Par , publié le 21 mai 2023

Soulagement pour les plateformes Internet. Jeudi, la Cour suprême des États-Unis a décidé de ne pas remettre en cause la protection juridique que leur procure une loi sur les communications votée en 1996, connue sous le nom de section 230. La plus haute juridiction du pays avait été saisie par les familles de deux victimes d’attentats terroristes, à Paris en 2015 et à Istanbul en 2017. Elles reprochaient respectivement à YouTube et à Twitter d’avoir favorisé, notamment par l’intermédiaire de leur système de recommandation, la diffusion de contenus faisant l’apologie du terrorisme. Dans les deux affaires, les neuf juges ont cependant estimé, à l’unanimité, que les plaignants n’avaient pas démontré que les deux sociétés avaient joué un rôle dans les attaques.

Algorithmes de recommandation – La section 230 a joué un rôle central dans le développement d’Internet, et plus particulièrement des réseaux sociaux et des plateformes vidéo. Elle garantit une protection juridique presque totale à Facebook, YouTube et tous les autres pour les contenus publiés par leurs utilisateurs. Autrement dit, ces services ne peuvent pas être attaqués en justice pour des propos ou des vidéos d’un utilisateur. Ni pour avoir choisi de les supprimer ou, au contraire, de ne pas les retirer. La famille qui poursuivait YouTube estimait cependant que cette immunité ne s’applique pas aux algorithmes de recommandation, qui sont conçus par les sociétés Internet. En première instance et en appel, la justice américaine n’avait pas suivi cette interprétation de la loi.

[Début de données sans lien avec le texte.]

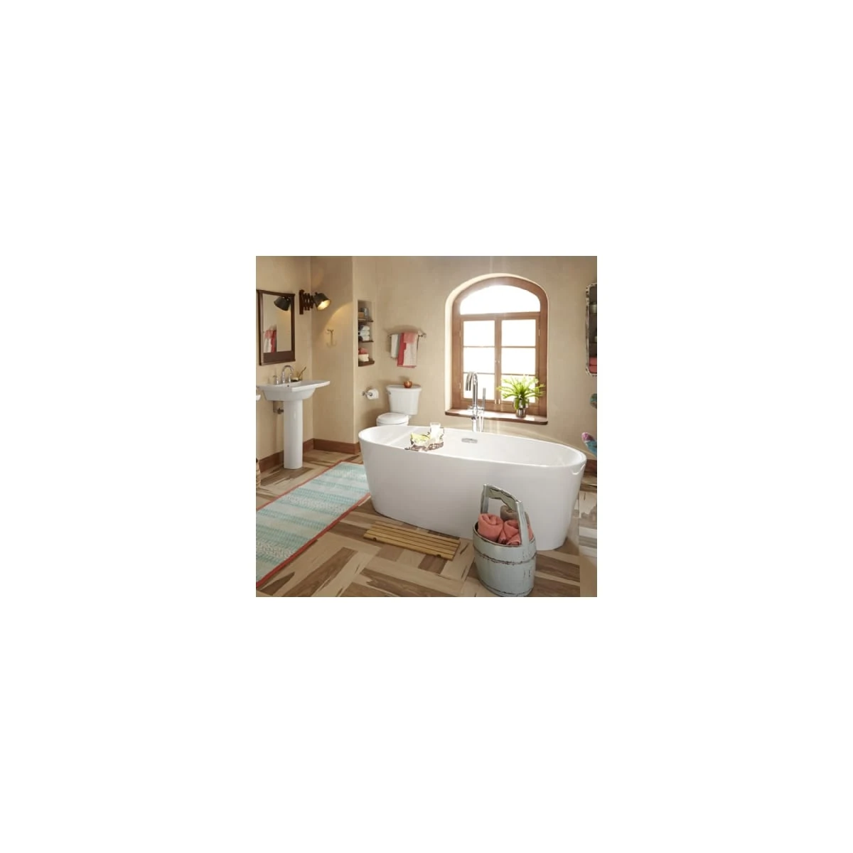 Coastal Serin 68-3/4 in. Acrylic Freestanding Bathtub from American Standard is a sleek soaker so beautiful it beckons you to unwind. A focal point for its soft oval shape and high-gloss luster, Coastal Serin is crafted with rounded edges and a gently sloped interior perfect for leaning back and relaxing.

Répercussions majeures – La partie s’annonçait plus serrée devant la Cour suprême. Notamment parce que Clarence Thomas, l’un des juges de la majorité conservatrice, s’était déjà exprimé à plusieurs reprises en faveur d’une limitation de la protection des plateformes, l’estimant beaucoup plus large que l’esprit de la loi, entrée en vigueur aux débuts d’Internet. YouTube et Twitter avaient reçu le soutien de nombreuses sociétés technologiques, qui redoutaient une possible exclusion des algorithmes de recommandation du champ d’application de la section 230. Cela aurait eu des répercussions majeures, exposant de nombreux services à des poursuites judiciaires. Et les forçant à revoir en profondeur leur fonctionnement, avec le risque de réduire l’engagement de leurs utilisateurs.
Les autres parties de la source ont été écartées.